Habitual F0 is the mean or the average of values of F0 over different voiced segments when a speaker reads a passage in an emotionally neutral state and at a comfortable level. This is the F0-level generally used in every day conversation. When we make comparative statements about F0 of different speakers we are implicitly comparing the habitual F0 values.

Puberphonia and Androphonia: When an adult male person sounds like having a female voice, retaining his pre-pubertic F0 level, it is called puberphonia. On the other hand, the voice of a female speaker sounding like an adult male speaker is called androphonia. Such cases come under functional voice disorders, unless it is an anatomical deformity. Use of inappropriate F0-level can be avoided by voice training.

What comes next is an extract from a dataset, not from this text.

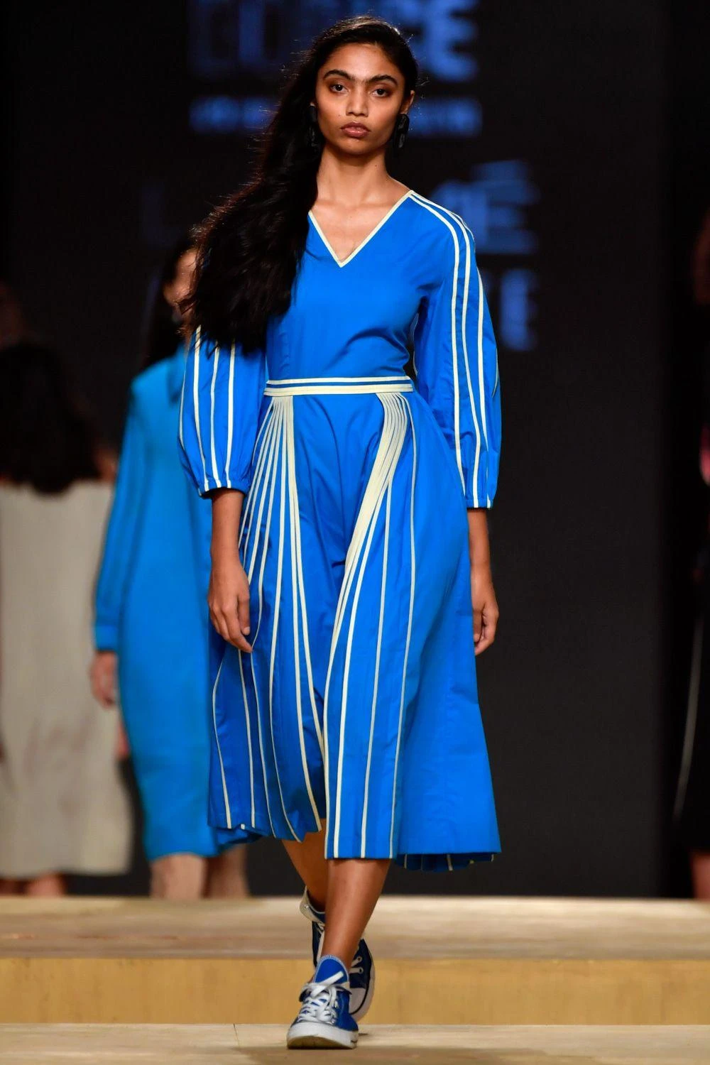 This eclectic cobalt blue dress is set in 100% cotton poplin. It features a cinched waist with multi-binding pleating details down the waist & and on the sleeves. Style this piece with a pair of chic gold hoops & block heels for a formal lunch.

Optimum pitch: Some voice specialists believe that there is an optimum pitch or optimum F0 for every speaker. By using F0-level as the optimum pitch, a speaker can speak or sing for a longer duration without straining the voice and the voice quality will appear to be ‘bright’. Empirically the optimum pitch or F0 is determined as follows: First, find the lowest F0 that can be produced clearly by a speaker. Find the key on a piano key-board that corresponds to this lowest F0. The optimum F0 will correspond to 2 or 3 notes higher.

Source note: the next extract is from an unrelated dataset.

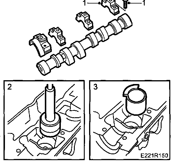 1 Remove the camshaft bearing caps by undoing the bolts in steps of 1/2 to 1 turn. It is important to conclude removal at the bearing cap where the tappets are under load. Lift out the camshafts and remove the stuffing boxes. Note the marking.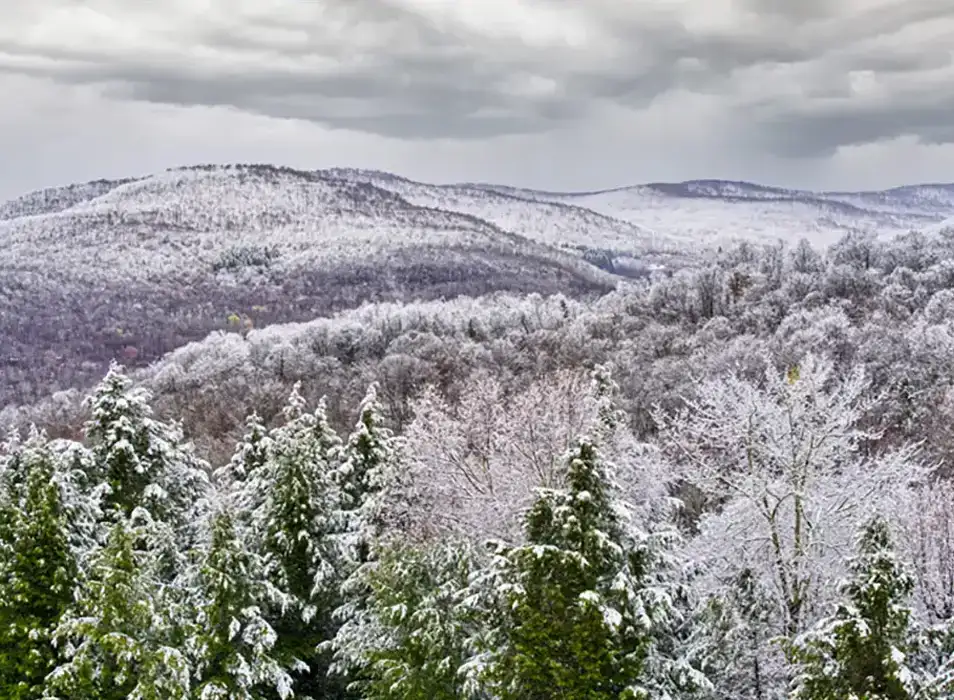 Winter arrives gently, covering the Sullivan Catskills in quiet beauty. Snow settles on pines and porches, turning every bend of road into a postcard. The season carries stillness, but never emptiness as it hums with comfort, warmth and a slower kind of adventure.

Vagmi Voice Trainer modules can be used to measure the habitual pitch, the optimum pitch and also to correct puberphonia and androphonia.

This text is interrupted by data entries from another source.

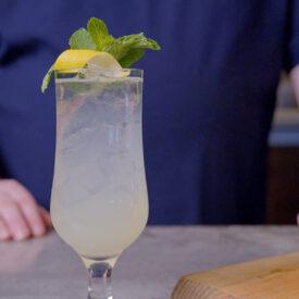 Inspired by a Tom Collins cocktail, this non-alcoholic riff pairs bright lemon with sweet elderflower for an effervescent springtime refreshment.
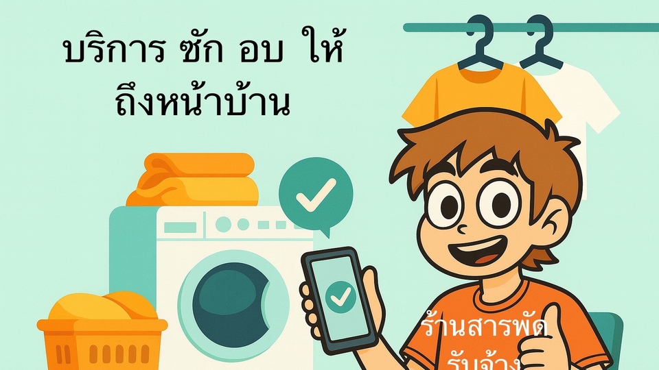 บริการรับ-ส่งผ้าไปซัก อบ พับ พร้อมส่งให้ถึงหน้าบ้าน ทุกแพ็คเกจ ฟรีน้ำยาซักผ้า รับประกันผ้าห๊อม..หอมมม ราคาค่าบริการ แพ็คเกจ S เสื้อผ้าทั่วไป 20-40 ชิ้น 500 บาท M เสื้อผ้าทั่วไป 30-50 ชิ้น 550 บาท ชุดเครื่องนอน ชุดละ 500 บาท ผ้านวมผืนใหญ่ ผืนละ 550 บาท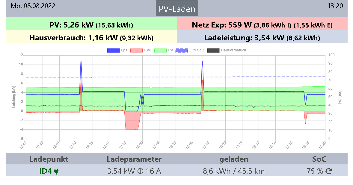 Sehe ich genauso, wenn ich mit Überschuss laden möchte, habe ich das PV Laden auf 1phasig festgelegt. Bei einer 22 KW WB könnte dann Deine PV Anlage bis zu 32A einphasig also 7,4KW Überschuss Leistung laden. Meine PV kommt gar nicht an eine höhere LeistungRobeck hat geschrieben: Sa Aug 06, 2022 6:56 am Die Frage ist, ob es bei der kleinen PV sinnvoll ist mit 3 Phasen zu laden.

The term ‘timbre’ (German word, pronounced as 'timb-ray') is also used to signify ‘voice quality’. It is important to recall the difference between the terms ‘voice source’ and ‘voice quality’. We infer voice quality by listening to speech or singing produced by a speaker. We can’t directly listen to the interrupted air flow coming out of the larynx. Hence, voice quality is determined by the combined effect of voice source and pronunciation habits.

Just as the saying goes ‘beauty lies in the eyes of the beholder’, listener’s choice of what is a good voice is subjective. This is similar to the taste one has for music. Hence there are no measurable units for quality of voice. Though, there is no single measurable measure to quantify voice quality, yet it is generally understood that voice quality is determined by the spectral characteristics and their dynamics and inter-relation of the three attributes. See general awareness on 'Voice Culture' for more details.
During speaking, speakers continually change their frequency/ pitch over vocalic regions of speech. When you say "How are you?” you are changing your fundamental frequency throughout the utterance. This change of fundamental frequency over an utterance is called intonation. If the change in pitch or fundamental frequency over an utterance is highly restricted then the voice sounds sleepy or monotonous. For a lively voice, there has to be a wide range over which both level of voice and pitch have to vary while rendering an utterance.

The average frequency over an utterance is the spoken fundamental frequency, which depends on the utterance, emphasis, emotion etc.